Since the first concept was based on the ” CLASSIFIER:” rule, there is a need to use a different algorithm to form the second concept. So, it was decided to use the rule “Concept_Rule:” which allows operating with a Boolean algebra for search combinations. The specific algorithm that was used includes the following mechanics:
CONCEPT_RULE:(OR,”_c”,”_c”, “_c”,”_c”,”_c”,”_c”, “_c”, “_c”)
In this case, “OR” is used as a Boolean operator, which is the logic that means that all the codes listed below will match if at least one of them occurs in the text. The algorithm also uses the “@” symbol, which allows you to get the designated words in any form of English if any. For example, “good” is converted to “better.”.
The total number of matches found was 2188 out of 3150 (69.5%), which at first glance indicates a much higher number of positive consumer reviews than negative ones. It is necessary to investigate the presence of each of the terms as part of this algorithm (case is not important):
- Easy = 318
- Great = 661
- Love = 828
- Happy = 57
- Amazing = 81
- Good = 249
- Awesome = 78
- Like = 435
One can see that most of the reviews contain the words “love” and “great,” which allows us to characterize consumers’ feelings about Alexa’s product line in a favorable way. However, it is worth clarifying that not all of the 2,188 matches actually contain positive reviews (although most do). For example, the use of the “like” code could have been used in a negative way, as shown in the example review from the screenshot below. Meanwhile, the word “like” could have been used in the meaning of comparison or “as,” which also creates limitations to the useful output.
Categorical Analysis
Category: Correction
Categories are a narrower set than concepts because they ultimately create conditions for testing a statement for truth or falsity using ordinary logic. The first category uses the “NOT” operator, which allows you to exclude an argument from a rendition. The point of such a tool is to study the issuance of positive reviews, which will be devoid of negative evaluations. For this reason, the following algorithm is used:
(AND, (AND, (AND, (AND, (AND, (AND, (AND, (OR, “Easy”, “Great”, “Happy”, “Amazing”, “Good”, “Awesome”, “Love”), (NOT, “Bad”)), (NOT, “Poor”)), (NOT, “Worse”)), (NOT, “Inferior”)), (NOT, “Wrong”)), (NOT, “Awful”)), (NOT, “Sad”)), (NOT, “Negative”))

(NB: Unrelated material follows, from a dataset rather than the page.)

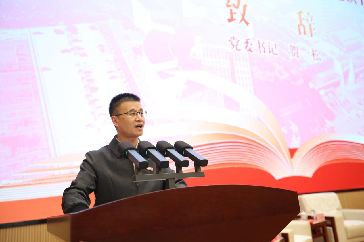校党委书记贺一松在致辞中指出,本次活动既是一场书香浸润校园的阅读活动,更是一堂启智润心、培根铸魂的思想教育课。《习近平与大学生朋友们》第一、二卷生动记录了习近平总书记与青年学生交流交往的真实故事与深情寄语,是广大青年触摸思想温度、汲取奋进力量的鲜活教材。他勉励同学们在阅读中读懂时代、读懂责任,将“读万卷书”与“行万里路”紧密结合,在实践中校准成长方向,把书中的思想启迪转化为成长动力。贺一松书记还介绍了学校以“红宝石”党建品牌为引领,推动阅读育人、文化育人、实践育人同向发力的育人路径,希望同学们以此次活动为契机,静下心来读原著、悟原理,努力成长为堪当民族复兴重任的时代新人。

Notice that the output became expectedly smaller because all negative words were excluded from it using an algorithm that allows finding (AND) any (OR) of the positive words in such reviews, which would exclude (NOT) negative words. Note that the word “Like” was not added to this output, as it could have been used in different contexts, which would have distorted the results. Now one can be sure that every review found contains only positive items, which means that this category served as a text filter.
Category: Competition
Competitive analysis is essential for business, so exploring the output that would inform about the presence of specific competitive devices among the reviews is appropriate. It is suggested to use a simple operator, “OR,” which allows getting only such reviews in which at least one of the designated codes occurs. The specific form of such an algorithm is as follows:
(OR, “Google@”, “Apple@”, “Siri@”, “HomePod@”)
Only the specified codes were chosen for analysis, although they do not represent the entire global set of voice assistants and brands. Again, the “@” symbol indicates that any form of the designated code can be used. The final output size was 74, which is how often respondents referred to competitors in their reviews. It is worth clarifying that the presence of competitors does not mean negative feedback, as the use of comparison can favor Amazon.